» Activity
Go through the records below from the first line and print each one exactly, stopping after the line that contains "Винт с полусферической". Do not print pictures or anything past that line.

--------

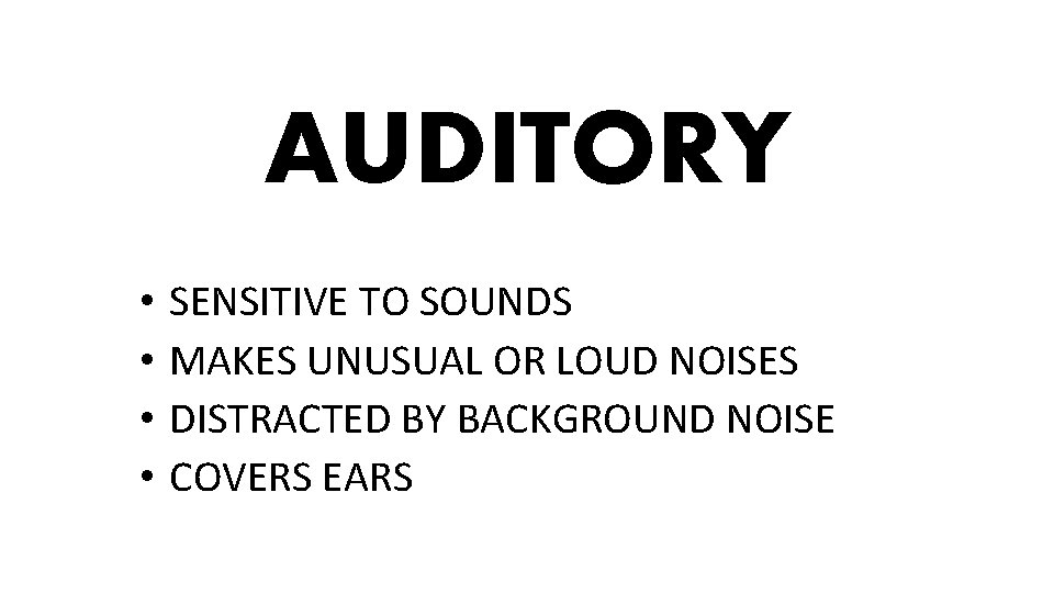 AUDITORY • • SENSITIVE TO SOUNDS MAKES UNUSUAL OR LOUD NOISES DISTRACTED BY BACKGROUND NOISE COVERS EARS
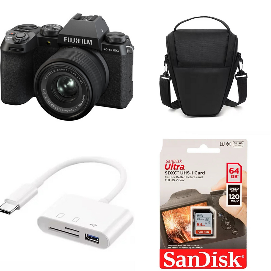 ערכת FUJIFILM X-S20 15-45 עם כרטיס SD 64GB, קורא כרטיס USB-C ותיק צד
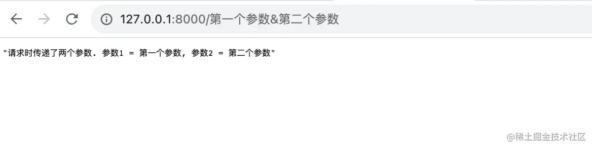 return f"请求时传递了两个参数. 参数1 = {item1}, 参数2 = {item2}"
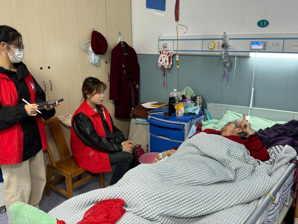 武汉市老年病医院的大部分患者为长寿老人、无陪护老人,他们中多数常年卧床且数病共存,长期的医院治疗也让他们内心空虚、深感孤独。了解到这个情况后,软件工程学院克勤志愿服务队的志愿者们主动来到医院,深入病区和疗养地,与老人们交流互动。一方面,老人向志愿者们分享属于自己的“光阴的故事”,讲述红色历史,让年轻的志愿者们生动体会到了祖国的变迁与发展;另一方面,志愿者们也向老人们介绍了一些新的事物,教他们如何使用智能手机,如何使用微信通话,如何使用互联网......老人们说,虽然他们上了年纪,但是依然有一颗积极的心态和学习的欲望,与年轻人的互动,也让他们看到了年轻人朝气蓬勃,感受到了国家未来的希望。
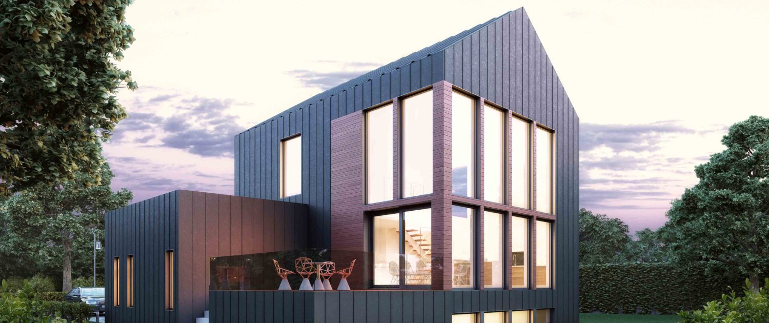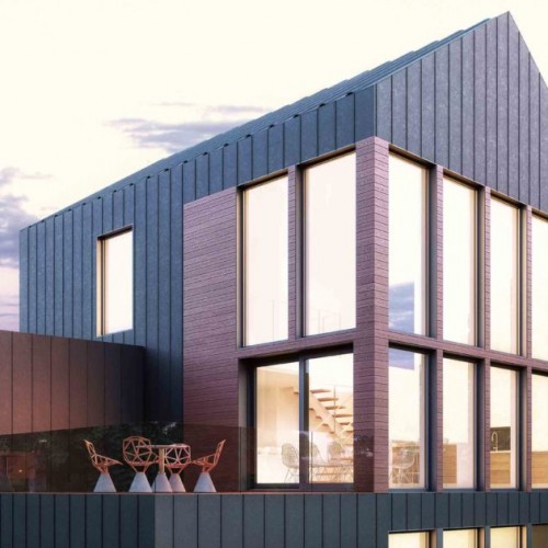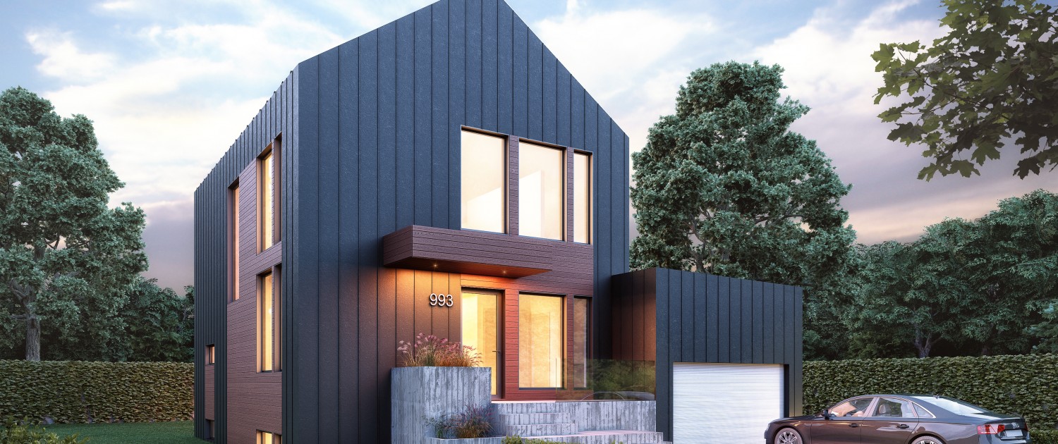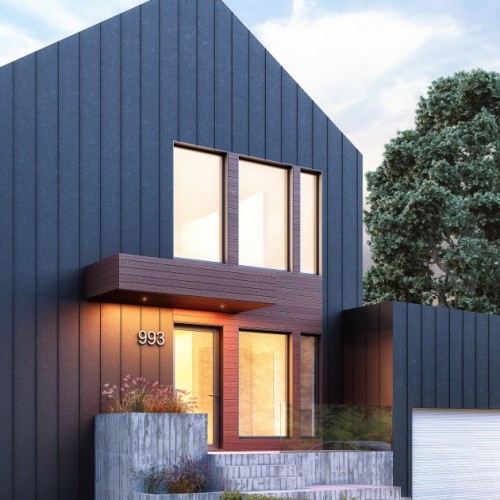 This inspiration has been designed for an urban or smaller country setting in a lot size usually around 50 feet long. There is a main open-plan living space with a garage attached. The model’s large windows maximize natural light and enhance the feeling of interior space. Its dark grey steel with reddish wood planks for the facade give it an urban feel that is also reminiscent of a barn-style country home.
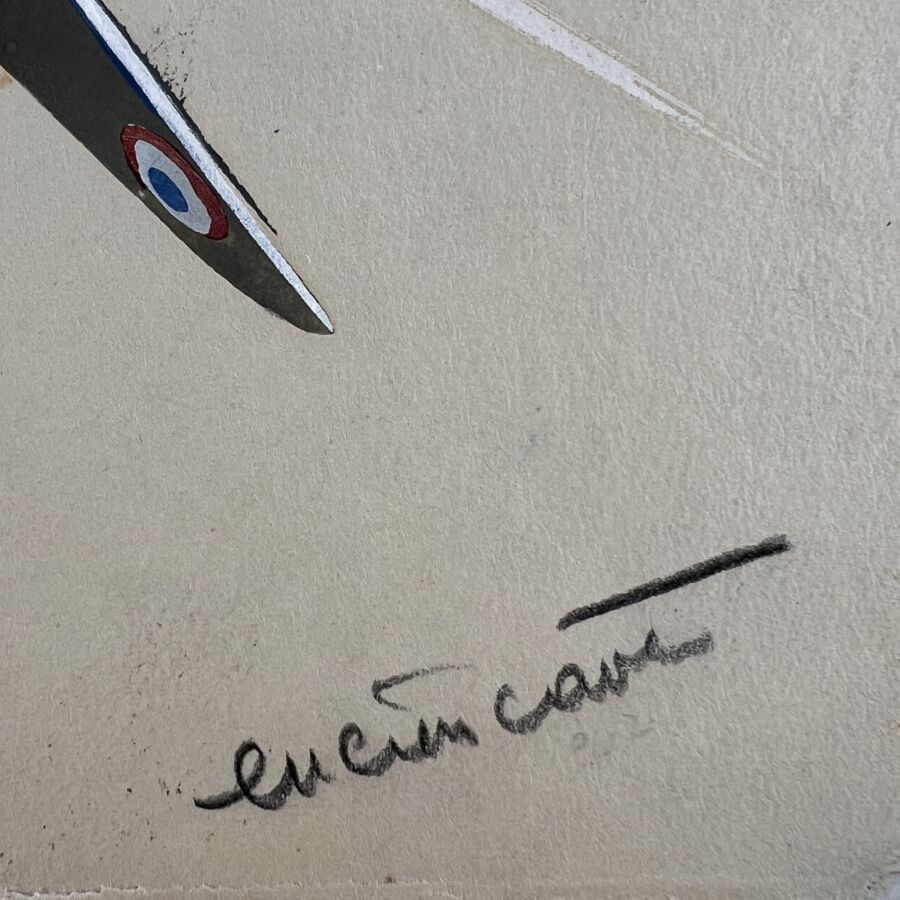 Lucien CAVE (XXe), "Avion en vol", gouache signée en bas à droite, 24, 5 x 22 cm. (humidité).
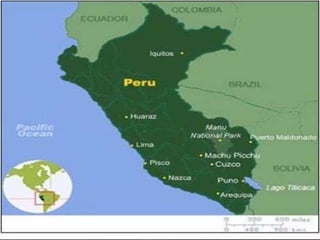 O documento descreve a história, geografia, cultura e curiosidades do Peru. A mais antiga sociedade foi a civilização Caral entre 3000-1800 a.C. Os Incas formaram o maior império da América no século XV. O documento também lista as principais cidades como Lima, Arequipa e Cuzco, além da gastronomia e seleção peruana de futebol.
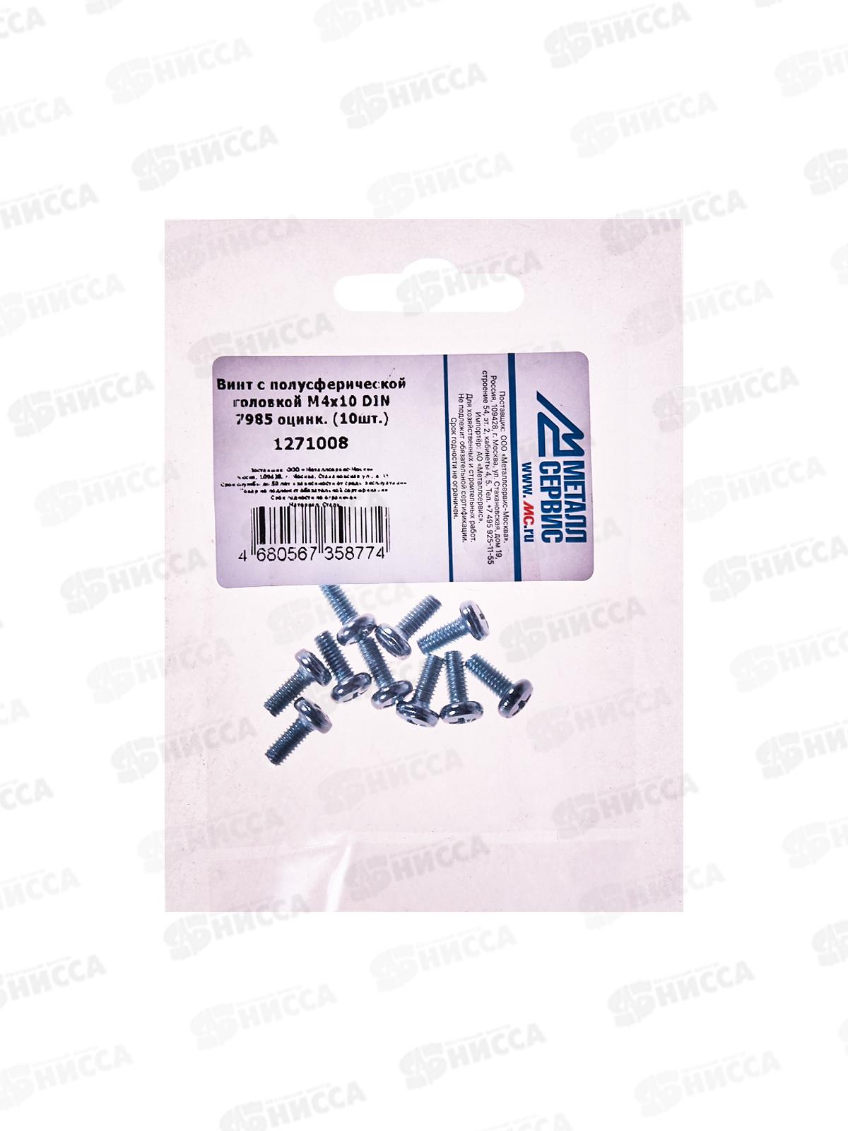 Винт с полусферической головкой M4x10 DIN7985 оцинк. (10шт) *10
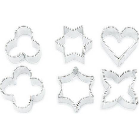 Šesť vykrajovacích rámčekov rôznych tvarov umožní vytvárať dokonale symetrické ak zdobeniu vhodné motívy, ktoré možno použiť aj samostatne ako malé zákusky či sladkosti, podľa použitého cesta. Vhodné aj na marcipánové ozdoby.
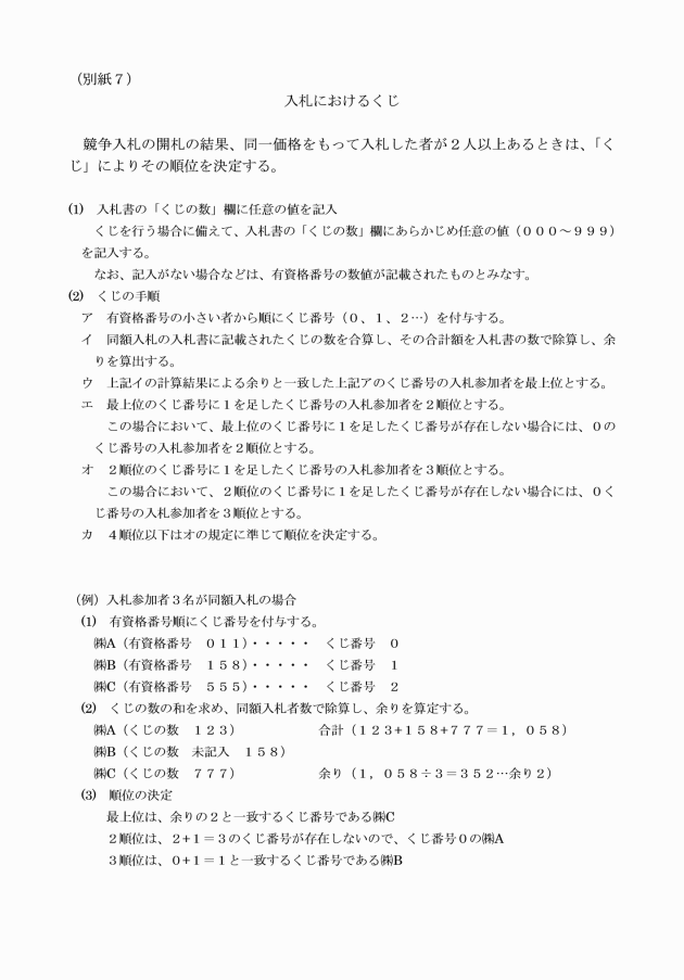 第11条 同じ価格をもって入札した者が2人以上あるときは、別に定める「入札におけるくじ」の方法によりくじを行い、落札者を決定する。
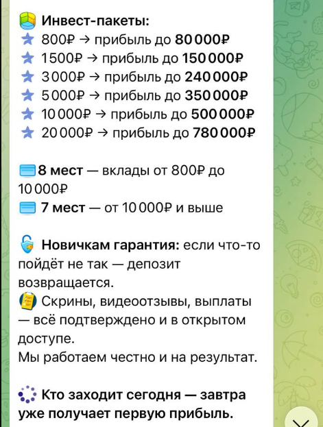 Так что, сохраняйте здравый смысл: если вам предлагают кнопку «бабло» и гарантируют сотни процентов профита с одной тысячи рублей, значит, вас пытаются обмануть. Лучшее решение – не вступать в диалог, не переводить ни копейки, заблокировать автора и кинуть в ТГ жалобу на этот канал.

--------

» Solved exercise
 AUDITORY • • SENSITIVE TO SOUNDS MAKES UNUSUAL OR LOUD NOISES DISTRACTED BY BACKGROUND NOISE COVERS EARS
 ערכת FUJIFILM X-S20 15-45 עם כרטיס SD 64GB, קורא כרטיס USB-C ותיק צד
 return f"请求时传递了两个参数. 参数1 = {item1}, 参数2 = {item2}"
 武汉市老年病医院的大部分患者为长寿老人、无陪护老人,他们中多数常年卧床且数病共存,长期的医院治疗也让他们内心空虚、深感孤独。了解到这个情况后,软件工程学院克勤志愿服务队的志愿者们主动来到医院,深入病区和疗养地,与老人们交流互动。一方面,老人向志愿者们分享属于自己的“光阴的故事”,讲述红色历史,让年轻的志愿者们生动体会到了祖国的变迁与发展;另一方面,志愿者们也向老人们介绍了一些新的事物,教他们如何使用智能手机,如何使用微信通话,如何使用互联网......老人们说,虽然他们上了年纪,但是依然有一颗积极的心态和学习的欲望,与年轻人的互动,也让他们看到了年轻人朝气蓬勃,感受到了国家未来的希望。
 This inspiration has been designed for an urban or smaller country setting in a lot size usually around 50 feet long. There is a main open-plan living space with a garage attached. The model’s large windows maximize natural light and enhance the feeling of interior space. Its dark grey steel with reddish wood planks for the facade give it an urban feel that is also reminiscent of a barn-style country home.
 Lucien CAVE (XXe), "Avion en vol", gouache signée en bas à droite, 24, 5 x 22 cm. (humidité).
 O documento descreve a história, geografia, cultura e curiosidades do Peru. A mais antiga sociedade foi a civilização Caral entre 3000-1800 a.C. Os Incas formaram o maior império da América no século XV. O documento também lista as principais cidades como Lima, Arequipa e Cuzco, além da gastronomia e seleção peruana de futebol.
 Винт с полусферической головкой M4x10 DIN7985 оцинк. (10шт) *10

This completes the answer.